Toric Vs. Non-Toric Lenses: What You Need to Know
After cataract surgery, you want to have the clearest vision possible. But for those with astigmatism, regular intraocular lenses (IOLs) might not be the most beneficial implant choice. Thankfully, you have plenty of toric lens and non-toric lens options to choose from to correct multiple visual impairments in one procedure.
Continue reading for help deciding whether you should opt for toric lenses for your cataract surgery.
What are Toric Lenses?
A toric lens is one type of premium implant used to replace the natural clouded lens during cataract surgery. These weighted IOLs are specially designed to fix both astigmatism (irregularly shaped corneas or lenses that cause blurred vision) and refractive errors.
Toric lenses may be most appropriate for those with corneal astigmatism, which is when the cornea (the clear covering of the eye) is oval shaped rather than spherical. Due to the nature of the surgery, those with lenticular astigmatism (asymmetrical lenses) may no longer need to worry about the error once the lens has been replaced.
Benefits of Toric Lenses
- It can minimize the reliance on glasses for distance vision after surgery.
- Toric lenses have a 98% chance of offering 0.75 diopters or less and 94% chance of delivering 0.5 diopters or less.

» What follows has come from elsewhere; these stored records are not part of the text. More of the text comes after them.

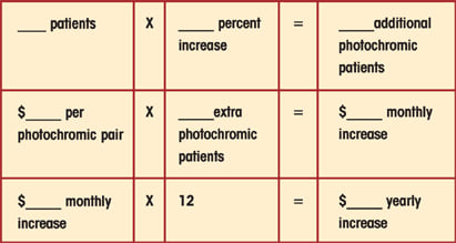 | Industry surveys indicate photochromics comprise roughly 16 percent of a typical eyecare practice's total lens sales. If a practice increases that amount by 14 percent (for a total slice of 30 percent of sales), it will experience an annual increase of $16,320. D.I.Y.: Increase your photochromics by your target percent. How does this affect your revenue?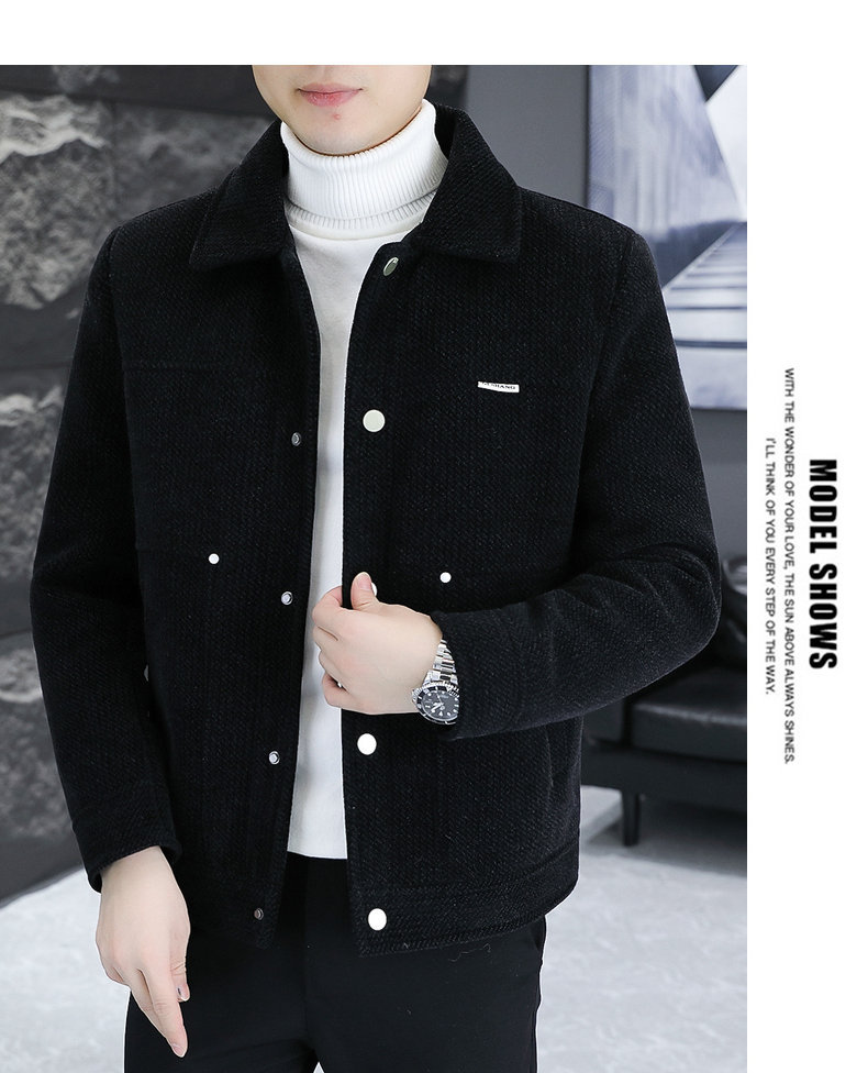 男士加绒加厚翻领夹克2025秋冬新款男装青年时尚休闲保暖百搭外套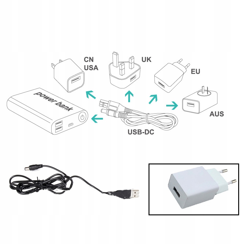 Список продуктів: з’єднувальний кабель USB і постійного струму, посібник користувача, скатертина кожен.

Disadvantages of Toric Lenses
- Misaligned lenses or rotations during recovery can cause further blurring that would require a follow-up procedure.
- Although most insurance plans typically cover cataract surgery, premium IOLs like toric lenses are an added out-of-pocket expense.
- With monofocal toric lenses, glasses may still be required for near and intermediate vision. However, at Kleiman Evangelista Eye Centers, we offer multifocal toric lenses to improve eyesight at a range of distances.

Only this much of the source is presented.